Records drawn from a dataset:
▼

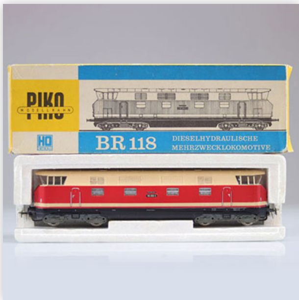
361 Piko locomotive / Reference: 199/20? / Type: Dieselhydraulische Lokomotive...

Référence: GFAB6496 — Poids: 235 g — Sizes: L=220mm — Condition: At first glance - very good condition - no restoration - no repair
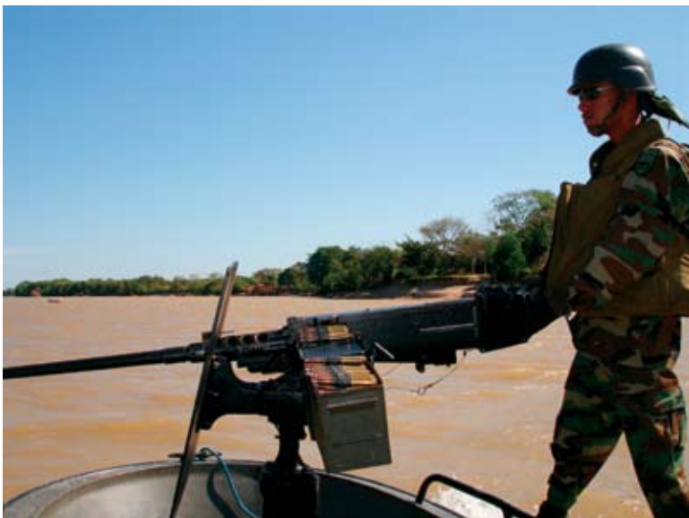
A Colombian Marine mans his M-2 .50 caliber heavy machinegun. The Marines and the Navy perform operations along Colombia's rivers that assist in the Army in its counter-insurgency mission.

recover kidnapping victims and to capture the kidnappers. There are sixteen GAULA in the Army, two in the Navy, and ten in the National Police. 7
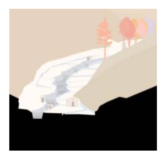
Figure 8. Lucca. Aqueduct. Cross-section of the 3D model near the area of the sources.

approach aiming to revalue the original valencies of a "prescientific" graphic representation and therefore able to direct the attention towards the multidimensional sensations conveyed by the territory. The main problem doesn't consist in fact in the most suitable topographic accuracy, but on the possibility of finding out a kind of representation responding to precision demands as well as to convey the sensations you feel while gazing round or walking in order to express the multidisciplinar peculiarity of one another.
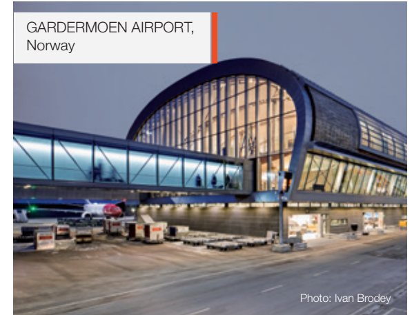
GARDERMOEN AIRPORT, Norway
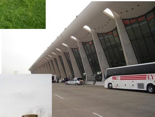
Dulles International Airport
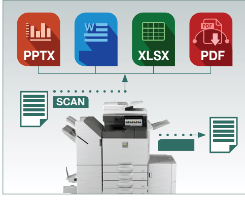
Scan and convert documents to popular file types with optional OCR Expansion Kit.
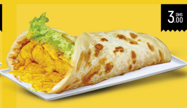
براتا الجبن CHIPS OMAN PARATHA
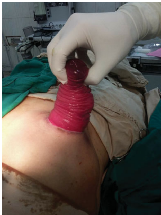
Fig. 1 Assessment of the prolapsed end colostomy (descending colon).

The surgery was performed under general anesthesia. After prepping and draping the patients, we started a round incision at ~ 1.5 cm to 2 cm distal to the mucocutaneous junction, through the outer cylinder of the prolapsed
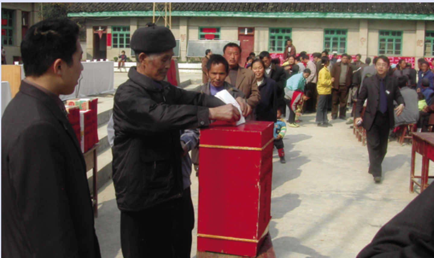
A man casts his ballot during December 2004 village elections in Guizhou Province, China.

project to develop China's first comprehensive regulations on campaigning. In addition, IRI launched a new program with a Tibetan NGO to help rural herders and farmers understand their individual rights.
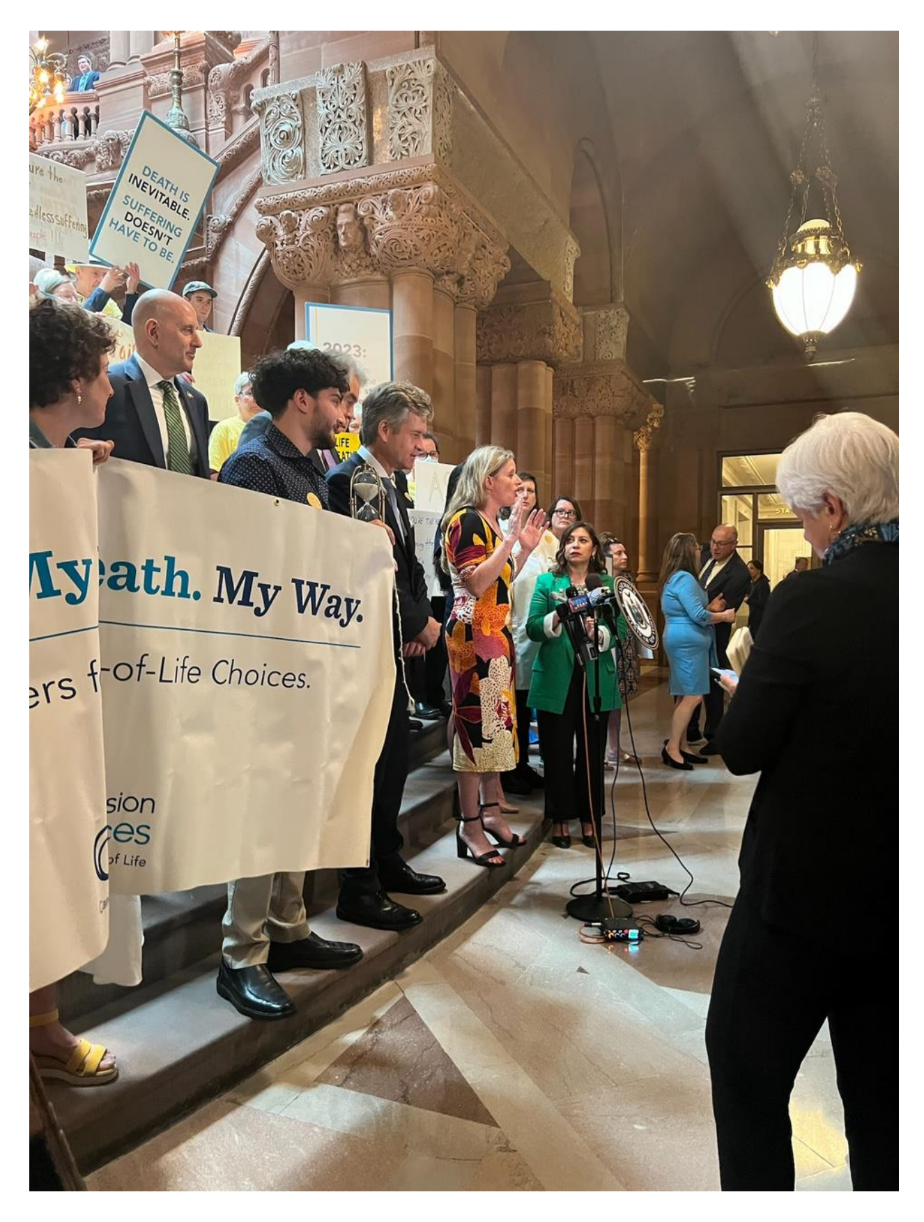
Medical Aid in Dying (A0995, Paulin)
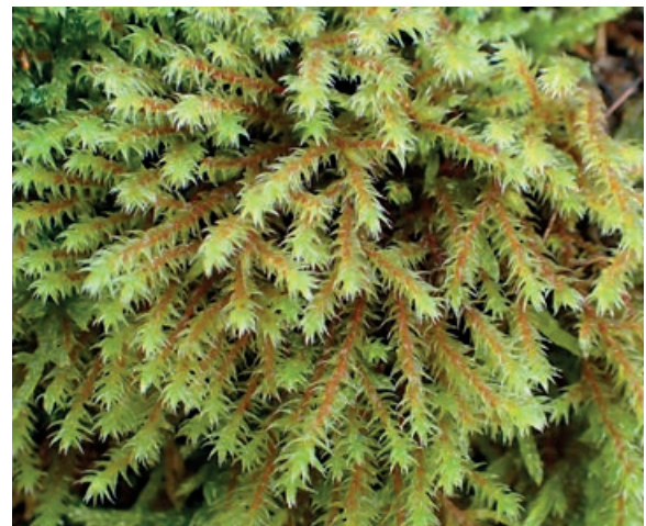
Hedwigia ciliata var. ciliata , Alresford, January 2023. Pete Flood
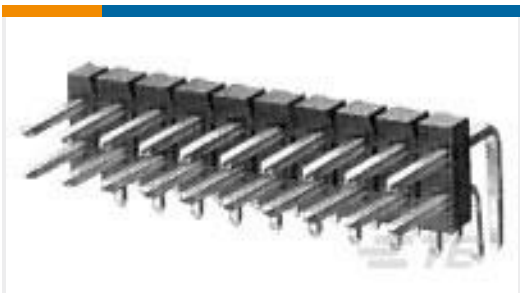
TE Part #1-103149-7 34 MODII HDR DRRA B/A . 100CL
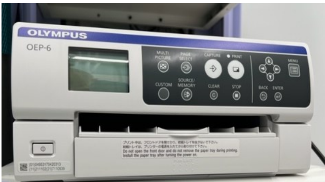
Patient Monitor & Printer
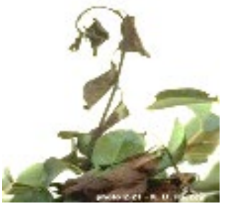
Figure 1Fire blight
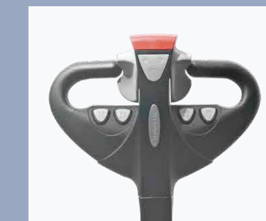
Multi-function handle, reliable, beautiful and simple, all functions can be completed with one hand
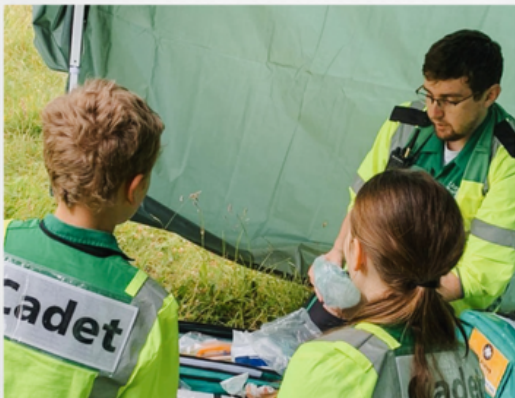
Our Wrexham Cadets attended their first ever event
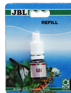
JBL GH Test Quick test to determine the total hardness
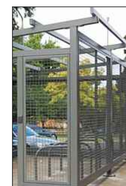
Reference image for steel mesh panel to be used at bike store
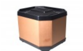
40"X48" set includes top, base and box OCTCOMBO, OCTPB, OCT-BOX
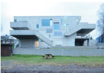
Sandvika, Private House, Lillehammer. 2012
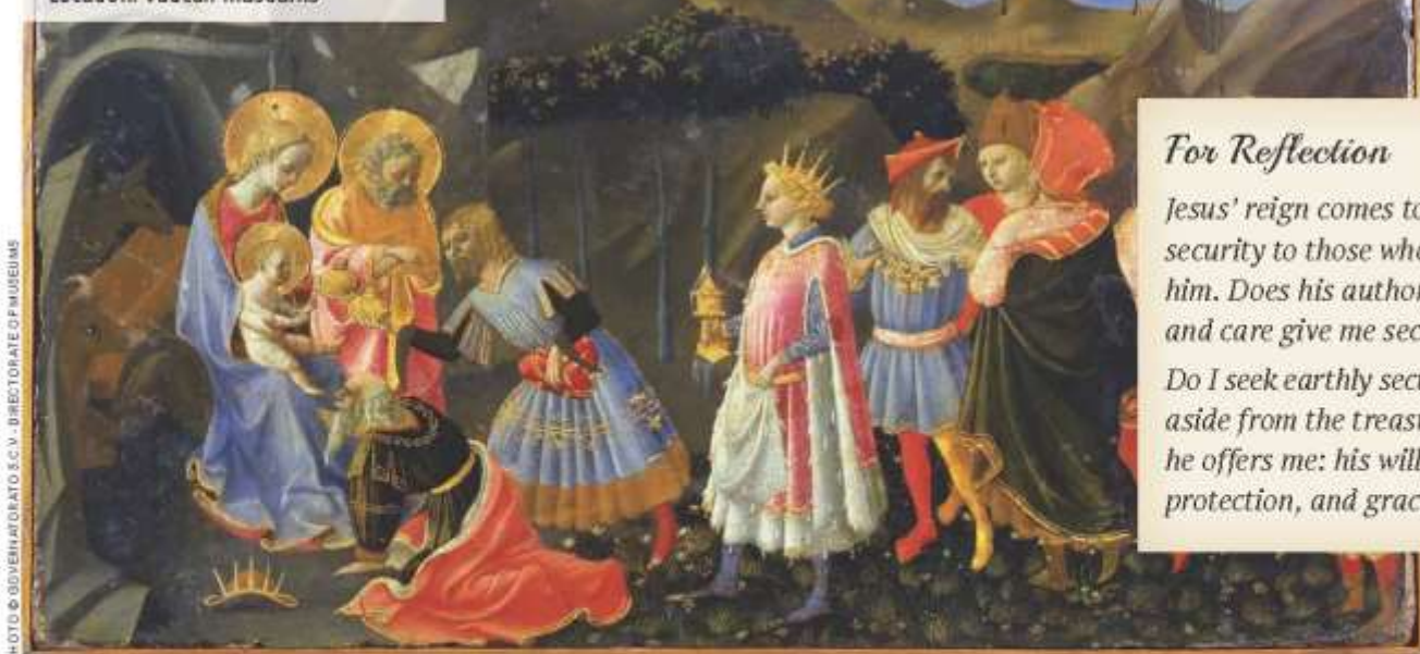
Piece: Adoration of the Kings, 1450s Artist: Pseudo Domenico di Michelino Location: Vatican Museums
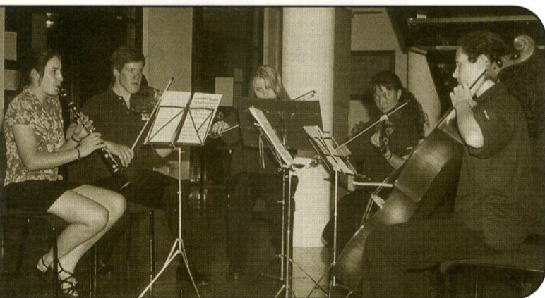
Future Vets make music: the classical ensemble

A new tradition was established in August with the inaugural VetWeek, a series of linked events celebrating Veterinary Science and showcasing the Faculty, its students and staff. Kept to two and a half days for purely logistical reasons, VetWeek revealed a range of hidden talents that crossed many creative boundaries.
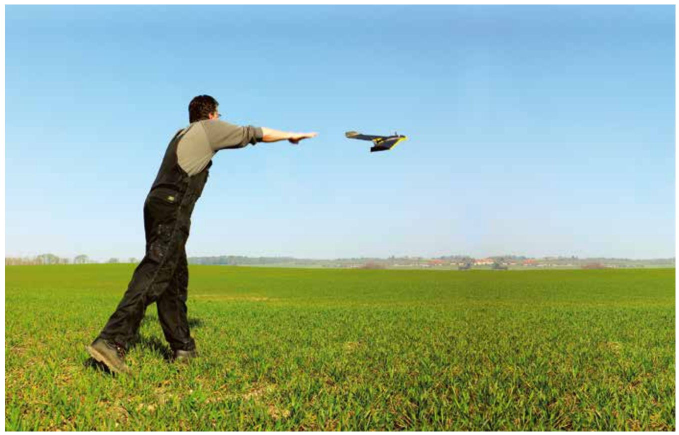
An operator launches the senseFly eBee, a professional mapping drone Use this fully autonomous drone to capture high-resolution aerial photos that you can transform into accurate 2D orthomosaics & 3D models..

military training. Model aircraft, the third category, is for hobby and recreation. Note that there are no certificates for any type of business use—and that includes agriculture—unless a company has received an exemption. The FAA has given a total of only twentyeight exemptions, as of February 10, 2015.
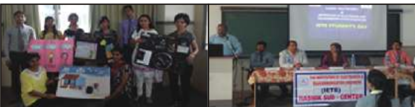
IETE Students' Day at Nashik Sub-Centre

reading the message from President IETE. The Chief Guest highlighted the scope & opportunities for electronics engineers in coming future. A technical poster competition was also organized to commemorate the event.
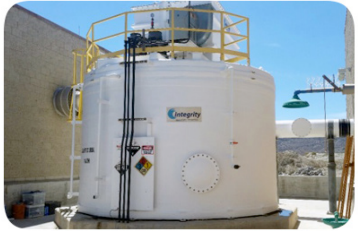
San Jacinto Valley
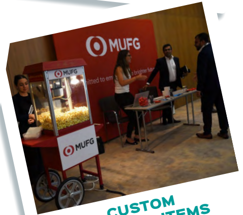
CUSTOM BRANDED ITEMS
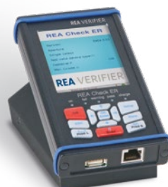
REA Check ER (compact, for barcodes, mobile)
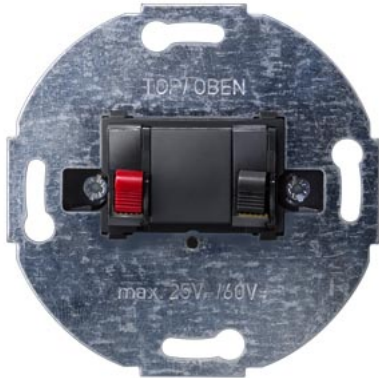
DELTA Loudspeaker connection socket 1-fold, 25V AC 60V DC up to 10 mm quadrant release lever
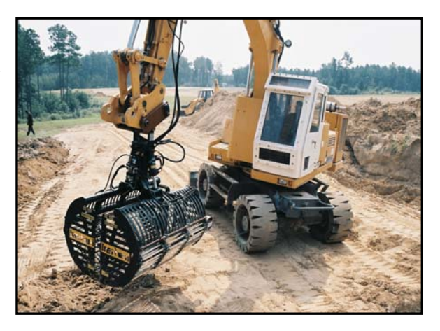
Figure 4. Bertani Sifting Bucket

The second sifting implement for the excavator is the Bertani Bucket, originally designed and sold commercially by Bertani & Donelli of Castelnovo Sotto, Italy for harvesting beets. The Bertani Bucket hangs from the end of the excavator boom and opens like a clamshell bucket for picking up loosened soil in a pile (figure 4). When the clamshell is closed, the operator activates the sifting action which consists of moving, slotted belts in the bottom of the bucket. Soil passes through the slots in the belts and mines and other large objects are retained and emptied in an inspection
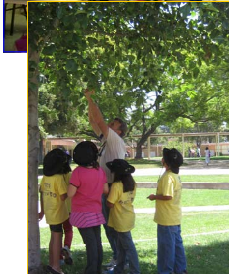
Goleta Valley Beautiful employee teaching FITS children about the important role trees play in our environment at the Goleta Valley Jr. High site.
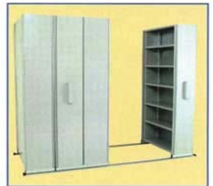
Mobile glide stores

▲

— Work to complete —
Exact duplicates of all the entries are required, and no image may appear in them.

— Reply —
361 Piko locomotive / Reference: 199/20? / Type: Dieselhydraulische Lokomotive...

Référence: GFAB6496 — Poids: 235 g — Sizes: L=220mm — Condition: At first glance - very good condition - no restoration - no repair
A Colombian Marine mans his M-2 .50 caliber heavy machinegun. The Marines and the Navy perform operations along Colombia's rivers that assist in the Army in its counter-insurgency mission.

recover kidnapping victims and to capture the kidnappers. There are sixteen GAULA in the Army, two in the Navy, and ten in the National Police. 7
Figure 8. Lucca. Aqueduct. Cross-section of the 3D model near the area of the sources.

approach aiming to revalue the original valencies of a "prescientific" graphic representation and therefore able to direct the attention towards the multidimensional sensations conveyed by the territory. The main problem doesn't consist in fact in the most suitable topographic accuracy, but on the possibility of finding out a kind of representation responding to precision demands as well as to convey the sensations you feel while gazing round or walking in order to express the multidisciplinar peculiarity of one another.
GARDERMOEN AIRPORT, Norway
Dulles International Airport
Scan and convert documents to popular file types with optional OCR Expansion Kit.
براتا الجبن CHIPS OMAN PARATHA
Fig. 1 Assessment of the prolapsed end colostomy (descending colon).

The surgery was performed under general anesthesia. After prepping and draping the patients, we started a round incision at ~ 1.5 cm to 2 cm distal to the mucocutaneous junction, through the outer cylinder of the prolapsed
A man casts his ballot during December 2004 village elections in Guizhou Province, China.

project to develop China's first comprehensive regulations on campaigning. In addition, IRI launched a new program with a Tibetan NGO to help rural herders and farmers understand their individual rights.
Medical Aid in Dying (A0995, Paulin)
Hedwigia ciliata var. ciliata , Alresford, January 2023. Pete Flood
TE Part #1-103149-7 34 MODII HDR DRRA B/A . 100CL
Patient Monitor & Printer
Figure 1Fire blight
Multi-function handle, reliable, beautiful and simple, all functions can be completed with one hand
Our Wrexham Cadets attended their first ever event
JBL GH Test Quick test to determine the total hardness
Reference image for steel mesh panel to be used at bike store
40"X48" set includes top, base and box OCTCOMBO, OCTPB, OCT-BOX
Sandvika, Private House, Lillehammer. 2012
Piece: Adoration of the Kings, 1450s Artist: Pseudo Domenico di Michelino Location: Vatican Museums
Future Vets make music: the classical ensemble

A new tradition was established in August with the inaugural VetWeek, a series of linked events celebrating Veterinary Science and showcasing the Faculty, its students and staff. Kept to two and a half days for purely logistical reasons, VetWeek revealed a range of hidden talents that crossed many creative boundaries.
An operator launches the senseFly eBee, a professional mapping drone Use this fully autonomous drone to capture high-resolution aerial photos that you can transform into accurate 2D orthomosaics & 3D models..

military training. Model aircraft, the third category, is for hobby and recreation. Note that there are no certificates for any type of business use—and that includes agriculture—unless a company has received an exemption. The FAA has given a total of only twentyeight exemptions, as of February 10, 2015.
IETE Students' Day at Nashik Sub-Centre

reading the message from President IETE. The Chief Guest highlighted the scope & opportunities for electronics engineers in coming future. A technical poster competition was also organized to commemorate the event.
San Jacinto Valley
CUSTOM BRANDED ITEMS
REA Check ER (compact, for barcodes, mobile)
DELTA Loudspeaker connection socket 1-fold, 25V AC 60V DC up to 10 mm quadrant release lever
Figure 4. Bertani Sifting Bucket

The second sifting implement for the excavator is the Bertani Bucket, originally designed and sold commercially by Bertani & Donelli of Castelnovo Sotto, Italy for harvesting beets. The Bertani Bucket hangs from the end of the excavator boom and opens like a clamshell bucket for picking up loosened soil in a pile (figure 4). When the clamshell is closed, the operator activates the sifting action which consists of moving, slotted belts in the bottom of the bucket. Soil passes through the slots in the belts and mines and other large objects are retained and emptied in an inspection
Goleta Valley Beautiful employee teaching FITS children about the important role trees play in our environment at the Goleta Valley Jr. High site.
Mobile glide stores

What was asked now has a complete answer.